- Born: 4 December 1936 Tokyo, Japan
- Died: 29 January 2026 (aged 89) Chigasaki, Kanagawa, Japan
- Occupation: Writer
- Writing career
- Pen name: 山本道子
- Language: Japanese
- Genres: Fiction; Short story; Poetry;
- Notable works: "Mahō"; "Betei-san no niwa"; Mofuku no ko;
- Notable awards: Shincho Prize for New Writers; Akutagawa Prize; Izumi Kyoka Prize for Literature;

= Michiko Yamamoto =

Japanese writer and poet

Michiko Yamamoto (山本道子, Yamamoto Michiko) is the professional name of Michiko Furuya (古屋道子, Furuya Michiko), a Japanese writer and poet.
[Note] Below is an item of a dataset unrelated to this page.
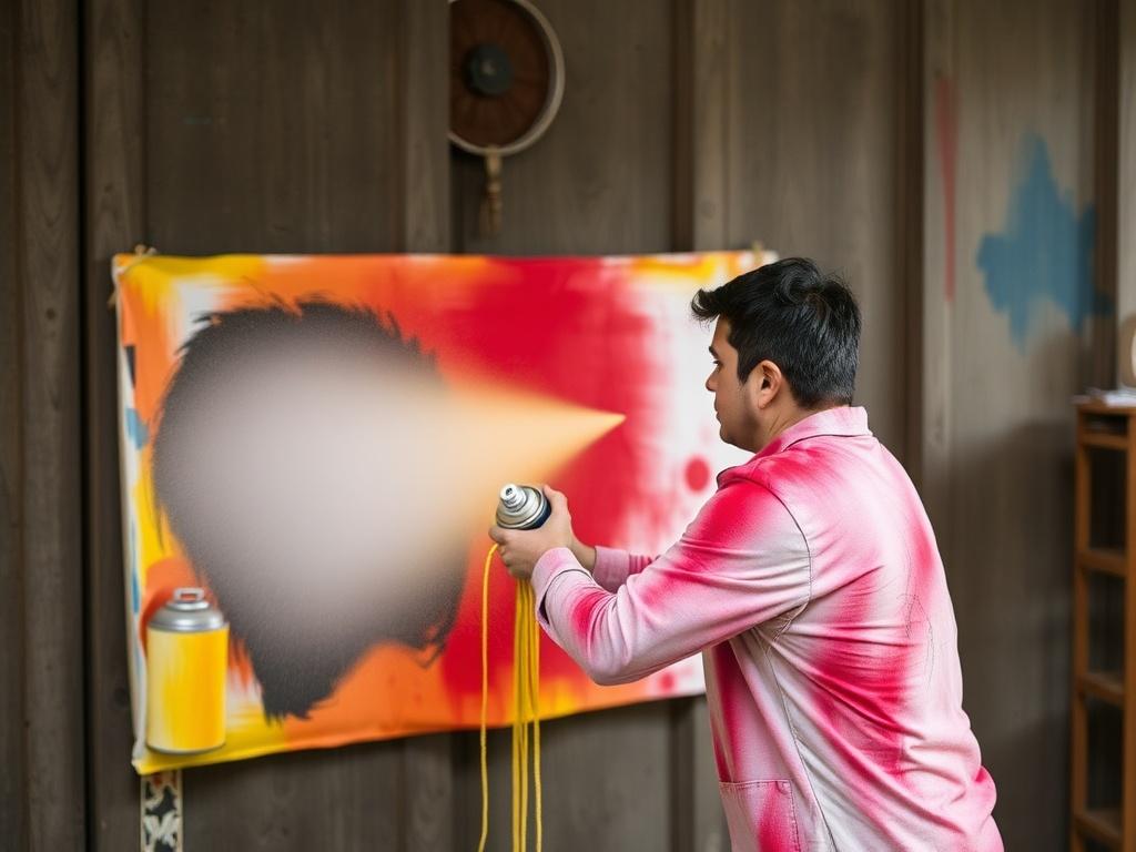 Внутри баллончика краска находится под давлением вместе с пропеллентом. При нажатии на клапан краска вылетает через форсунку и распадается на мелкие частицы, образуя туманную струю. Качество распыления зависит от состава краски, состояния форсунки и правильной дистанции до поверхности. Чтобы получить ровное покрытие, держите баллончик под умеренным углом и двигайте рукой плавно, перекрывая предыдущий мазок.

Yamamoto won the Shincho Prize for New Writers, the Akutagawa Prize, and the Izumi Kyoka Prize for Literature.

==Biography==
Yamamoto was born in Nakano, Tokyo and graduated from Atomi University in 1957. Her first three short stories, "Mahō," "Ame no Isu," and "Betei-san no Niwa" appeared in Shinchō magazine in March, July and November 1972 editions, respectively. "Rōjin no Kamo" was published August 1972 in the magazine Fūkei. These four stories were based on her experience living in Darwin, Northern Territory, Australia, where she had accompanied her husband in 1967. They later appeared in a collective issue. “Betty-san” became the title story for the English version, which was translated by Geraldine Harcourt and published in 1984 by Kodansha.

She lived in Kamakura, Kanagawa with her husband. The couple had two grown daughters.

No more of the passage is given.